Widdershins:

(sometimes withershins, widershins or widderschynnes) means to take a course opposite that of the sun, going counterclock-wise, lefthandwise, or to circle an object, by always keeping it on the left. It also means "in a direction opposite to the usual," which is how I choose to take it in using it as the title of this blog. We're all in the same world finding our own way.

Tuesday, October 13, 2009

Something I wrote on Blackboard for my LGBT Lit Class

The Gay/Straight Binary


I found it interesting in my reading of Sedgwick's Epistemology of the Closet, when she mentions on page 55 the "attempts to name, explain, and define this new kind of creature, the homosexual person - a project so urgent that it spawned in its rage of distinction an even newer category, that of the heterosexual person."

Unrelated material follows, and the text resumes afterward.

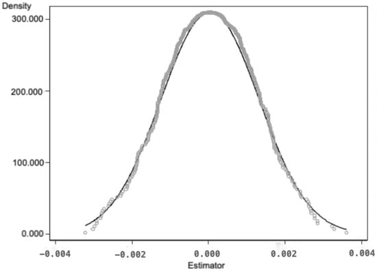 In complex economies, it is also likely that changes in the trends of the experimental and control groups are influenced by other policy or random factors. Placebo tests can help us make the results of the DID more robust []. This is carried out as follows: The treatment of the non-parametric replacement test is used to randomly sample all prefecture-level cities and policy times without duplication. We randomly selected the pilot cities of national key ecological function zones, as well the time of policy implementation. Regression was performed according to the DID regression formula and the probability of the regression coefficients of this spurious experiment was able to judge the reliability of the conclusions. This randomization experiment was then repeated 500 times. This was carried out to increase the persuasiveness of the placebo test. Finally, we plotted the density distribution based on the estimated DID coefficients from the 500 experiments, as in Figure 3. The figure shows that the estimated coefficients are distributed around 0 and have a normal distribution. This suggests that the original model did not miss important influences and the policy effect results are positive. Overall, the core findings are robust.

This particular sentence seems to suggest that were it not for the search for a way to define a homosexual identity, there would not have been possible a heterosexuality, which by extension shows the inextricable link between the two. Which, as we've already discussed in our analysis of Judith Butler and Adrienne Rich, does not necessarily mean that homosexual and heterosexual practices have not existed, but that (and here I connect to D'Emilio) it is the rise of capitalist culture that allowed the emergence of a homosexual identity and by extension then it means capitalist culture allowed the rise of a named heterosexual identity.

Before the split that created this dependant binary system, there effectively was no heterosexuality. I call it a dependant binary system because without one the other would not exist. For lack of a better term, there were people and not-people. People, of course meaning parts of the nuclear family unit, and all others counting as abominations, witches or some other form of outcast from the norm of society.

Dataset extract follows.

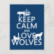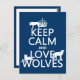 This reads Keep Calm and Love Wolves. Three wolf silhouettes lounge on the words. It's a beautiful design, perfect for anyone who loves wolves.

So where does that put us now?

Clearly from the theory we've been reading the "gay" culture is a move to push past this restricting binary system would in many ways be beneficial, but as was mentioned at the very tail end of class, that is not the direction being taken by the LGBTQ movement. Is this binary essential to the establishment and creation of a strong queer culture that can work to break down what we've seen as the heterosexist views held (consciously or unconsciously) by the mainstream?

At one point, yes, this binary was essential. It has proven a valuable way to create a rallying point behind which to wave that rainbow flag, but it seems like this fight is progressing to a point where keeping the us vs. them mindset could actually prove a stumbling block. What's that tired adage? You catch more flies with honey than vinegar. And while I propose no actual solutions here, I think the necessary step is to change the mindset of a culture, which means rather than forcing your existence into view and banging pots and pans, we must use our power outside the culture to recognize the problems within it and help remedy them.

2 comments:

Tony said...

There is an interview in Cabinet issue 31 called " The Broken Circuit: An Interview with Lauren Berlant
Sina Najafi, David Serlin and Lauren Berlant:The political economy of shame" That talks about Sedgwick's text in some interesting ways that you might find interesting and useful

Unknown said...

Sweet, where would I find a copy of issue 31 of Cabinet?